We present results of expanding the contents of the China Biographical Database by text mining historical local gazetteers, difangzhi. The goal of the database is to see how people are connected together, through kinship, social connections, and the places and offices in which they served. The gazetteers are the single most important collection of names and offices covering the Song through Qing periods.
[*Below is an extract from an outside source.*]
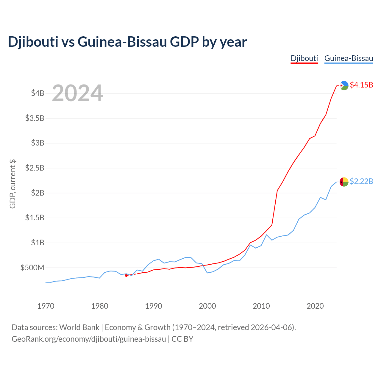 Djibouti vs Guinea-Bissau GDP by year

Although we begin with local officials we shall eventually include lists of local examination candidates, people from the locality who served in government, and notable local figures with biographies. The more data we collect the more connections emerge. The value of doing systematic text mining work is that we can identify relevant connections that are either directly informative or can become useful without deep historical research. Academia Sinica is developing a name database for officials in the central governments of the Ming and Qing dynasties.


💡 Research Summary

The paper presents a language‑model‑driven pipeline for automatically extracting biographical information from Chinese local gazetteers (difangzhi) and integrating the results into the China Biographical Database (CBDB). Difangzhi, covering the Song through Qing dynasties, are the richest source of names, offices, places, and personal connections, but their sheer volume and classical Chinese style have traditionally required labor‑intensive manual transcription and annotation. The authors therefore propose a systematic text‑mining approach that combines a pre‑trained BERT‑style model for classical Chinese with domain‑specific resources such as a curated gazetteer of offices and place names, a custom tokeniser tuned for classical Chinese orthography, and a rule‑based pre‑filter to generate candidate entities.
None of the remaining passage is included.